Exercise directions: The records that follow should be copied out exactly, pictures excluded.

Stored data entries:
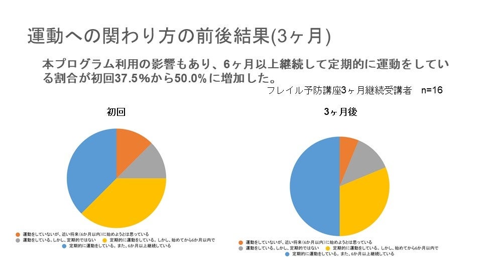 ・6ヶ月以上継続して運動している割合:37.5% → 50.0%
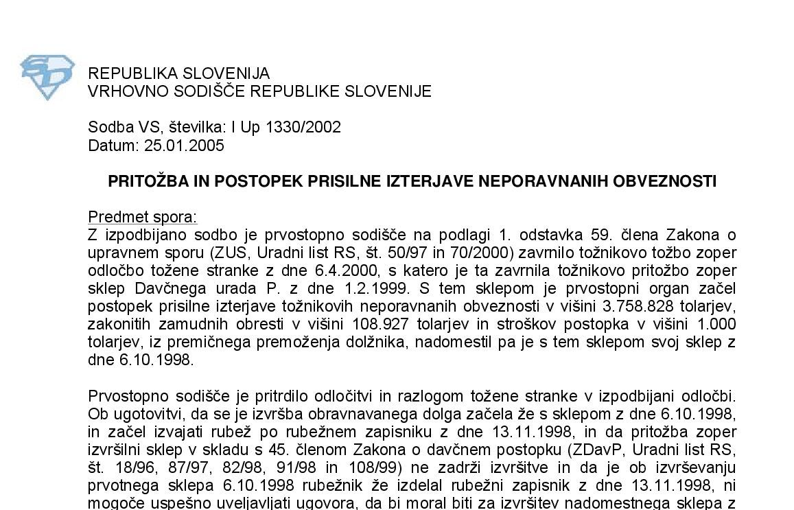 ODLOG UGOTAVLJANJA DAVČNE OBVEZNOSTI – Samoprijava (X Ips 31/2023) 02.10.2024 06.11.2024
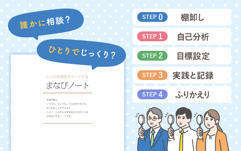 「まなびノート」は、学びを始めたい人をサポートしてくれるノートです。自分の中にある“考え”や“気持ち”などを整理し、文字としてこのノートに書き出してみることで、自分自身についてふりかえったり、学びの計画をたてたり、人それぞれのニーズや状況に応じた使い方ができます。
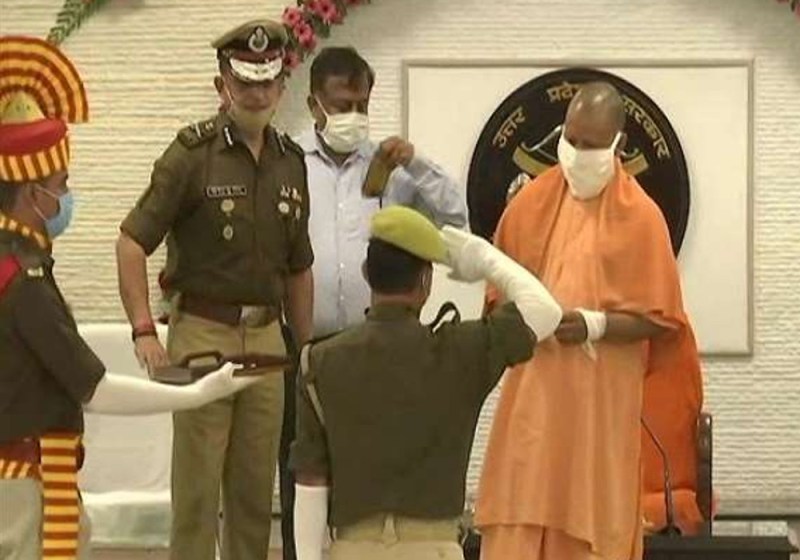 शुक्रवार को अपने सरकारी आवास पर पीएसी कॉन्स्टेबल को प्रोन्नत पत्र प्रदान करते सीएम योगी
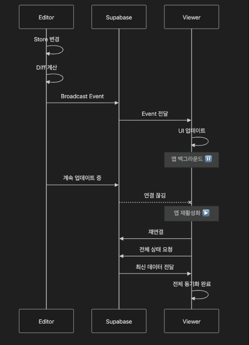 편집 정보를 주고 받는데 갑자기 웬 Postgres changes가 나오는지 의아할 수 있겠는데, 정보를 잃어버리지 않기 위한 목적이었다.
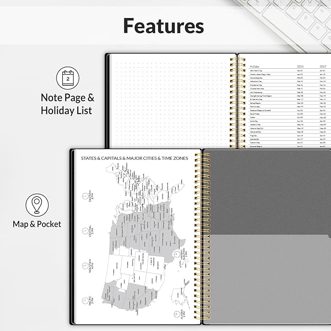 - ADDITIONAL FEATURES: 2026 daily weekly and monthly planner includes 2026-2027 Calendars; Quick Reference; Contact pages; Important Dates for 2026 yearly schedule; Monthly Section; Weekly Section included Dotted Notes pages; Holiday lists; Inner Pocket. Keep you organize throughout the year and easy to use!
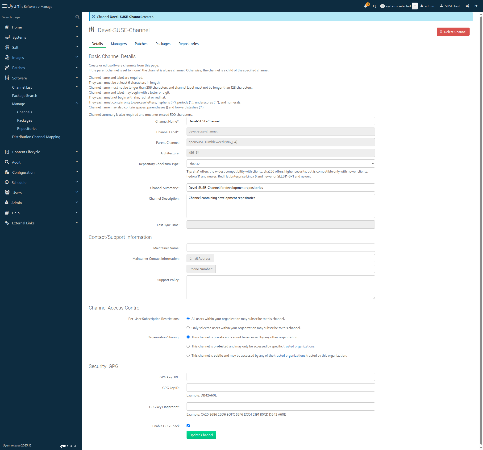 14:46:31:000 - 14:46:32:000 | Current URL: https://uyuni-master-server.sumaci.aws/rhn/channels/manage/Edit.do?cid=131
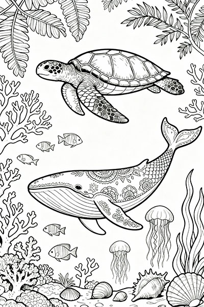 Sea turtles, dolphins, whales, coral reefs and ocean waves captured with a calm flow that feels peaceful to color.

Answer to this problem:
 ・6ヶ月以上継続して運動している割合:37.5% → 50.0%
 ODLOG UGOTAVLJANJA DAVČNE OBVEZNOSTI – Samoprijava (X Ips 31/2023) 02.10.2024 06.11.2024
 「まなびノート」は、学びを始めたい人をサポートしてくれるノートです。自分の中にある“考え”や“気持ち”などを整理し、文字としてこのノートに書き出してみることで、自分自身についてふりかえったり、学びの計画をたてたり、人それぞれのニーズや状況に応じた使い方ができます。
 शुक्रवार को अपने सरकारी आवास पर पीएसी कॉन्स्टेबल को प्रोन्नत पत्र प्रदान करते सीएम योगी
 편집 정보를 주고 받는데 갑자기 웬 Postgres changes가 나오는지 의아할 수 있겠는데, 정보를 잃어버리지 않기 위한 목적이었다.
 - ADDITIONAL FEATURES: 2026 daily weekly and monthly planner includes 2026-2027 Calendars; Quick Reference; Contact pages; Important Dates for 2026 yearly schedule; Monthly Section; Weekly Section included Dotted Notes pages; Holiday lists; Inner Pocket. Keep you organize throughout the year and easy to use!
 14:46:31:000 - 14:46:32:000 | Current URL: https://uyuni-master-server.sumaci.aws/rhn/channels/manage/Edit.do?cid=131
 Sea turtles, dolphins, whales, coral reefs and ocean waves captured with a calm flow that feels peaceful to color.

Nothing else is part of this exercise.